**Exercise details:**
An exact transcription of all the data is required, with every image removed.

**Records:**
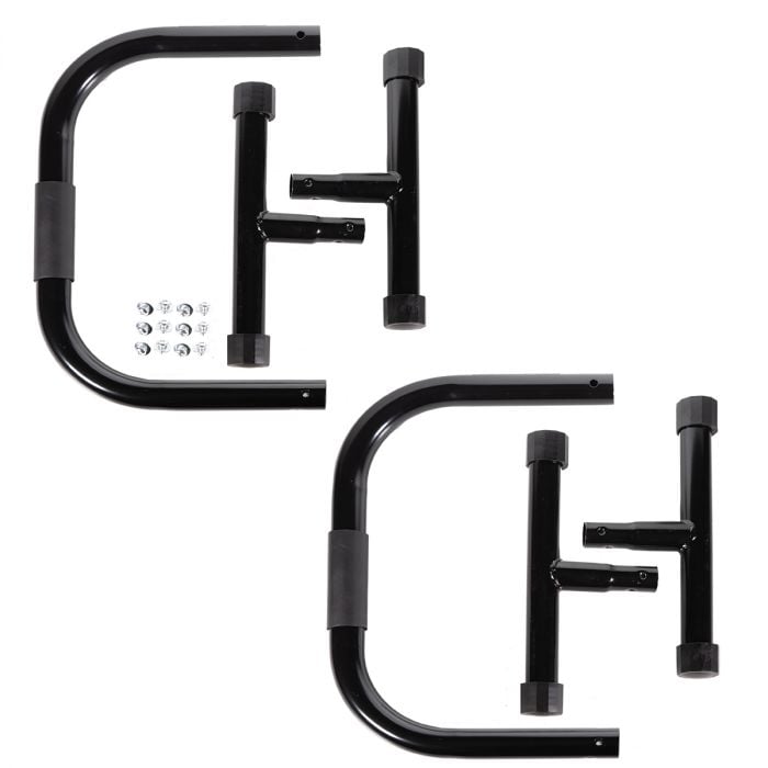DIP I Paralelne šipke Black su praktično pomagalo kojeg bi svaki pravi fitness entuzijast trebao imati u svojoj kućnoj teretani. Posebno su savršene za kućni trening snage s vlastitom težinom i za izvođenje vježbi poput sklekova, propadanja, gimnastičkih elemenata i mnogih drugih vježbi za gornji dio tijela i core. Konstrukcija je čvrsta i stabilna, tako da će izdržati sve velike težine. Ručka ima promjer 38 mm i izrađena je od protukliznog materijala, kako bi se osiguralo sigurno držanje. Ukupna duljina paralelne šipke je 48 cm, a cijev se nalazi na visini od 43 cm.
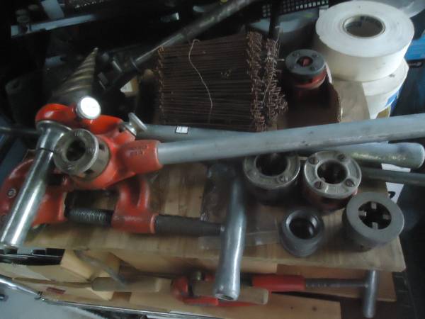 Used in excellent condition Ridgid pipe threading Ratchet with 3 or 4 die heads up to 3/4" , ratcheting Rimmer and large pipe Cutter , $250 for all.
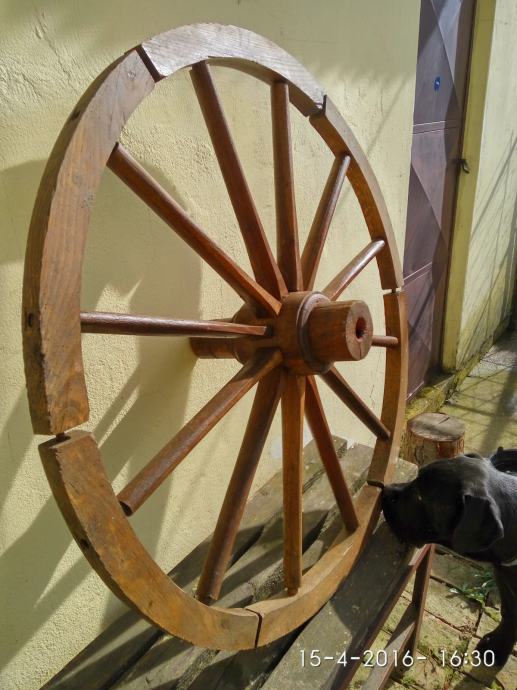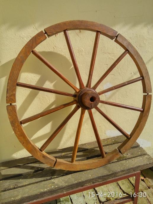 kotač je star ali nikada nije bio na kočiji,promjera 102 cm,izrađen je od čistog tvrdog drveta,pogodan za razne ukrase dvorišta i unutrašnjosti.cijena dogovor ili mijenjam.
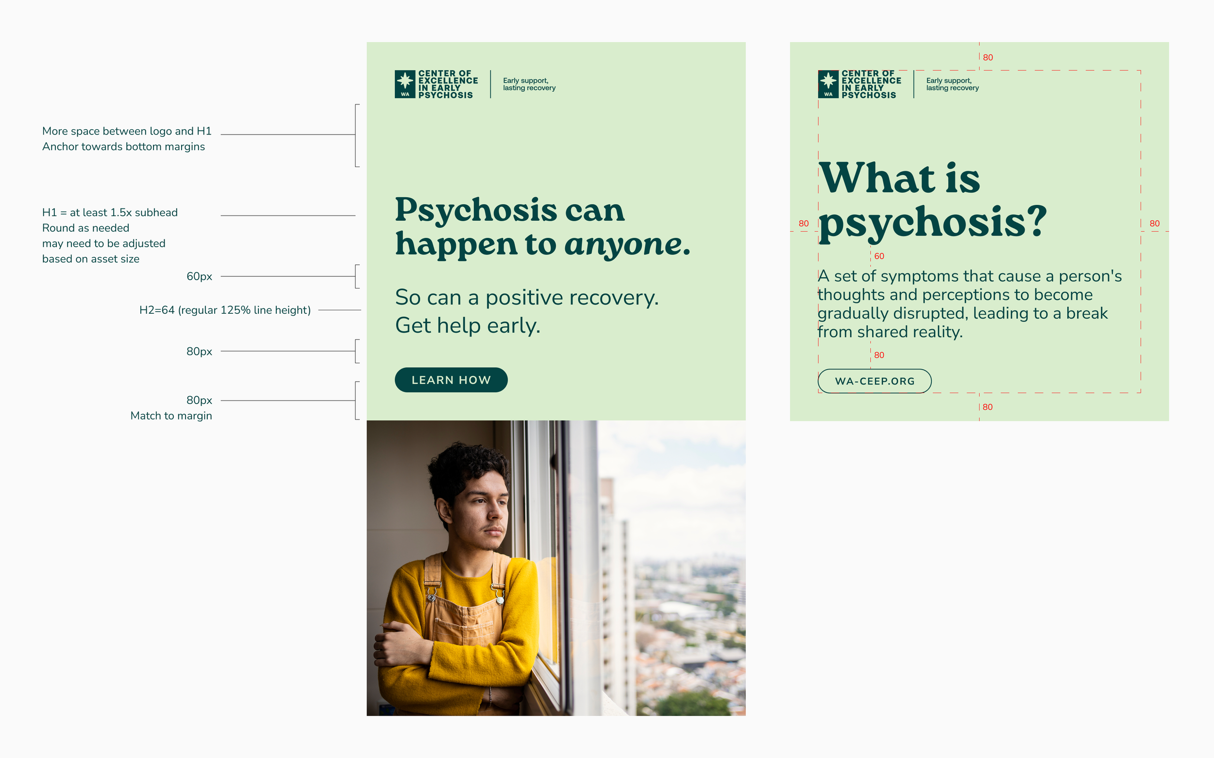 In partnership with the Central Assessment of Psychosis Service (CAPS)—the first statewide centralized assessment program for psychosis and psychosis-risk states in the country—we launched a public awareness campaign to increase understanding, reduce stigma, and guide people toward timely, evidence-based care. The goal: make it easier for patients, caregivers, and providers to recognize the signs of psychosis early and access treatment through New Journeys First Episode Psychosis teams.”
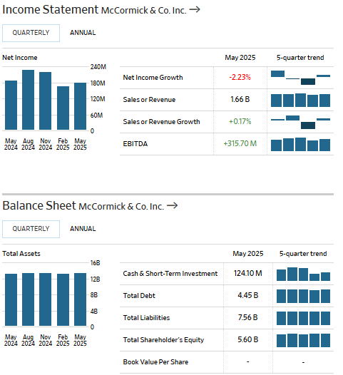 McCormick exited the quarter with cash and cash equivalents of $124.1 million, long-term debt of $3,099.3 million and total shareholders’ equity of $5,630.4 million. In the six months ended May 31, 2025, net cash provided by operating activities was $161.4 million.
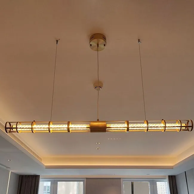Прямоугольная форма и направленный вниз световой поток создают уютную атмосферу, идеально подчеркивая пространство над кухонным столом или зоной отдыха. Светильник не только освещает, но и создает настроение — мягкое, теплое сияние превращает обычный вечер в момент наслаждения.

**Problem solution:**
DIP I Paralelne šipke Black su praktično pomagalo kojeg bi svaki pravi fitness entuzijast trebao imati u svojoj kućnoj teretani. Posebno su savršene za kućni trening snage s vlastitom težinom i za izvođenje vježbi poput sklekova, propadanja, gimnastičkih elemenata i mnogih drugih vježbi za gornji dio tijela i core. Konstrukcija je čvrsta i stabilna, tako da će izdržati sve velike težine. Ručka ima promjer 38 mm i izrađena je od protukliznog materijala, kako bi se osiguralo sigurno držanje. Ukupna duljina paralelne šipke je 48 cm, a cijev se nalazi na visini od 43 cm.
 Used in excellent condition Ridgid pipe threading Ratchet with 3 or 4 die heads up to 3/4" , ratcheting Rimmer and large pipe Cutter , $250 for all.
 kotač je star ali nikada nije bio na kočiji,promjera 102 cm,izrađen je od čistog tvrdog drveta,pogodan za razne ukrase dvorišta i unutrašnjosti.cijena dogovor ili mijenjam.
 In partnership with the Central Assessment of Psychosis Service (CAPS)—the first statewide centralized assessment program for psychosis and psychosis-risk states in the country—we launched a public awareness campaign to increase understanding, reduce stigma, and guide people toward timely, evidence-based care. The goal: make it easier for patients, caregivers, and providers to recognize the signs of psychosis early and access treatment through New Journeys First Episode Psychosis teams.”
 McCormick exited the quarter with cash and cash equivalents of $124.1 million, long-term debt of $3,099.3 million and total shareholders’ equity of $5,630.4 million. In the six months ended May 31, 2025, net cash provided by operating activities was $161.4 million.
Прямоугольная форма и направленный вниз световой поток создают уютную атмосферу, идеально подчеркивая пространство над кухонным столом или зоной отдыха. Светильник не только освещает, но и создает настроение — мягкое, теплое сияние превращает обычный вечер в момент наслаждения.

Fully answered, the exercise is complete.